# Sadie's life in pictures



## photoweborama (Dec 6, 2007)

Sheesh, that's sad... Makes me want to cry too...


----------



## Brinkleythegolden (Jun 18, 2012)

She was a beautiful girl! So very sorry for your loss.


----------



## Bentleysmom (Aug 11, 2012)

She was a beautiful girl, such a tragedy!


----------



## davebeech (Feb 11, 2006)

what a little beauty !! so very very sad though


----------



## PrincessDi (Jun 8, 2009)

Such a sweet and beautiful girl. I'm so very sorry! Can tell what a loving family girl she was.


----------



## GoldenMum (Mar 15, 2010)

What a gorgeous girl, who was obviously very loved. Gone way too soon, RIP sweet Sadie. My heart breaks for you and your family, bless you guys.


----------



## Rainheart (Nov 28, 2010)

I know how hard it must be for you to look at these... RIP sweet Sadie.


----------



## CarlosW9FE (Jul 17, 2012)

Sadie was a very beautiful girl.
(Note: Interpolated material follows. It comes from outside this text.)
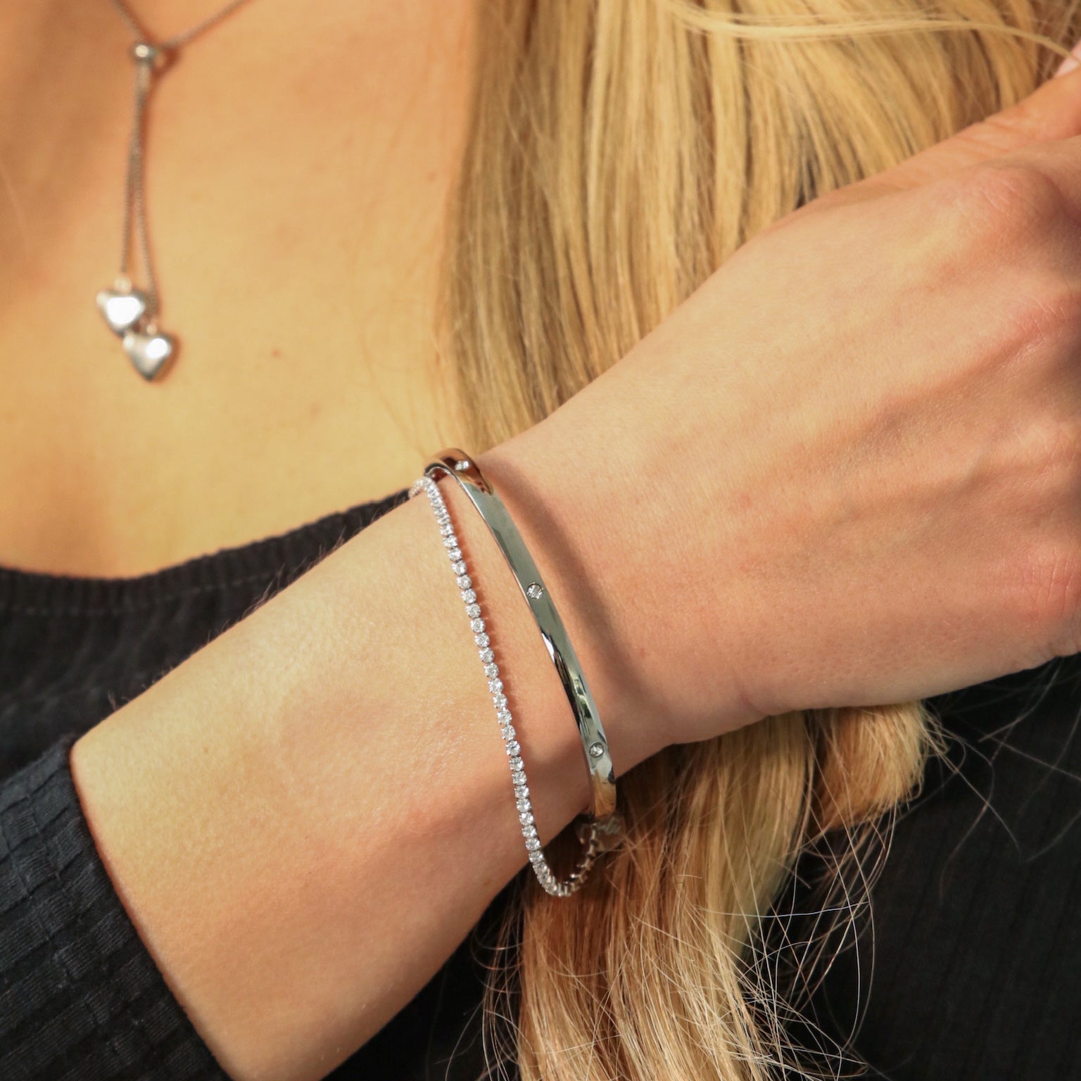 A silver tennis bracelet that’s classic, dazzling and made to last — perfect for everyday elegance or special occasions.

My heart hurts for you also. Rest in Peace dear girl.


----------



## Steadfast (Aug 22, 2012)

What a gorgeous girl and while she was taken from you way to soon I know she and you loved a lifetime in those few short years.

RIP Sadie.


----------



## love never dies (Jul 31, 2012)

Sadie was a beautiful sweet girl. Rest in peace - Sadie.


----------



## Skipperella (Jul 27, 2012)

What a pretty girl she was I'm very very sorry for your loss


----------



## LovelyGold (Nov 4, 2010)

Sadie was a lovely girl...with such a gorgeous coat too! I'm terribly sorry for your recent loss. I'm sure your precious girl knew how loved she was!! Condolences to you and your family.


----------



## Buddy's mom forever (Jun 23, 2011)

I am very, very sorry for your loss. Sadie was beautiful girl, it is unfair she left you so sudden. Her life was short but full of love. There are so many of us who feel your pain and understand how great is your loss. 
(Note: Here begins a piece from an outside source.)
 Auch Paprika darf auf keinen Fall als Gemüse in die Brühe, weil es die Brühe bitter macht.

Run free, play hard, sleep softly sweet Sadie girl.


----------



## goldy1 (Aug 5, 2012)

Cannot imagine how hard this is for you and your family. She was a beautiful girl. An angel who who will be loved and treasured forever.


----------



## MajesticSadiesMom (Mar 8, 2011)

Thank you everyone. Everyday is getting a bit easier. I miss her soooooo much!


----------



## Karen519 (Aug 21, 2006)

*Sadie*

Your Sadie was a very beautiful girl and like someone else said, she was VERY LOVED! 
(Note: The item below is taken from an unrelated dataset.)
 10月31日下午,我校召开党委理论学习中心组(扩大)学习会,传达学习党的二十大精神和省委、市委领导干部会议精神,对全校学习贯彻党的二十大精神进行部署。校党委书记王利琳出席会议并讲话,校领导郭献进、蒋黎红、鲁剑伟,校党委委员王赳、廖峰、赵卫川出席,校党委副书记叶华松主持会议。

My heart just hurts for you.


----------



## dmist (May 18, 2012)

She was a beautiful girl.So sorry for your loss.


----------



## CAROLINA MOM (May 12, 2009)

Sadie was a very beautiful girl. My heart breaks for you, I'm so sorry your loss. 

My thoughts and prayers are with you and your family.


----------



## Bridgers Dad (Aug 31, 2012)

When someone leaves us I understand how hard it is look a pictures and not cry. Sadie was indeed very beautiful, and a loving dog like only goldens can be. I am very sad for your loss and I hope the pictures will help in the future.


----------



## goldensmum (Oct 23, 2007)

Such a beautiful girl, she will be forever in your hearts


----------